◆ What you have to do ◆
Copy out all of the lines below exactly; the pictures do not belong in the copy.

◆ Provided data ◆

######

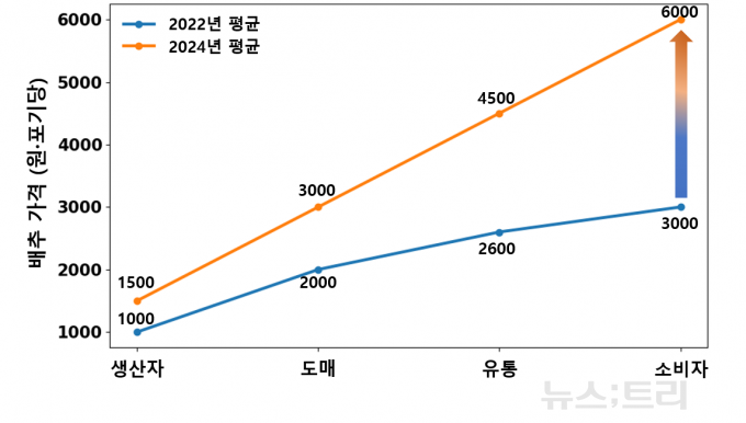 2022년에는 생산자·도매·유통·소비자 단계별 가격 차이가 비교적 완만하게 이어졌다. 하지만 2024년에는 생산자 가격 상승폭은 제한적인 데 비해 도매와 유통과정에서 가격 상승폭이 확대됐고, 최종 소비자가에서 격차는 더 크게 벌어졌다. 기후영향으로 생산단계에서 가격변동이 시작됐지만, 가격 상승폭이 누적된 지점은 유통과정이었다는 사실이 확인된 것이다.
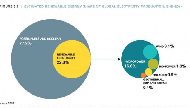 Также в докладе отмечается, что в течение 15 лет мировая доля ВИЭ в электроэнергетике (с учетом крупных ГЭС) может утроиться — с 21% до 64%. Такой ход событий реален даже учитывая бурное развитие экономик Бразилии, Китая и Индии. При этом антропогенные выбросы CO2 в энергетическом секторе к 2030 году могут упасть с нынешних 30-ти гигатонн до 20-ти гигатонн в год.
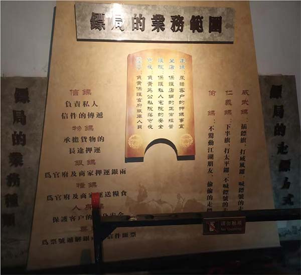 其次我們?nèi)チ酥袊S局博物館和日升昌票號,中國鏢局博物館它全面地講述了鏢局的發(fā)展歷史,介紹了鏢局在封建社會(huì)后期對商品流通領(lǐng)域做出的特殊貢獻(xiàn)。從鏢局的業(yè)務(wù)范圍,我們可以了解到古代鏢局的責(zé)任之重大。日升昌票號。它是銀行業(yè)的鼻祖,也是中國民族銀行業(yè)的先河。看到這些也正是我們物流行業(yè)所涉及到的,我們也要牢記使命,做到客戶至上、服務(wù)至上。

######

◆ Response area ◆
 2022년에는 생산자·도매·유통·소비자 단계별 가격 차이가 비교적 완만하게 이어졌다. 하지만 2024년에는 생산자 가격 상승폭은 제한적인 데 비해 도매와 유통과정에서 가격 상승폭이 확대됐고, 최종 소비자가에서 격차는 더 크게 벌어졌다. 기후영향으로 생산단계에서 가격변동이 시작됐지만, 가격 상승폭이 누적된 지점은 유통과정이었다는 사실이 확인된 것이다.
 Также в докладе отмечается, что в течение 15 лет мировая доля ВИЭ в электроэнергетике (с учетом крупных ГЭС) может утроиться — с 21% до 64%. Такой ход событий реален даже учитывая бурное развитие экономик Бразилии, Китая и Индии. При этом антропогенные выбросы CO2 в энергетическом секторе к 2030 году могут упасть с нынешних 30-ти гигатонн до 20-ти гигатонн в год.
 其次我們?nèi)チ酥袊S局博物館和日升昌票號,中國鏢局博物館它全面地講述了鏢局的發(fā)展歷史,介紹了鏢局在封建社會(huì)后期對商品流通領(lǐng)域做出的特殊貢獻(xiàn)。從鏢局的業(yè)務(wù)范圍,我們可以了解到古代鏢局的責(zé)任之重大。日升昌票號。它是銀行業(yè)的鼻祖,也是中國民族銀行業(yè)的先河。看到這些也正是我們物流行業(yè)所涉及到的,我們也要牢記使命,做到客戶至上、服務(wù)至上。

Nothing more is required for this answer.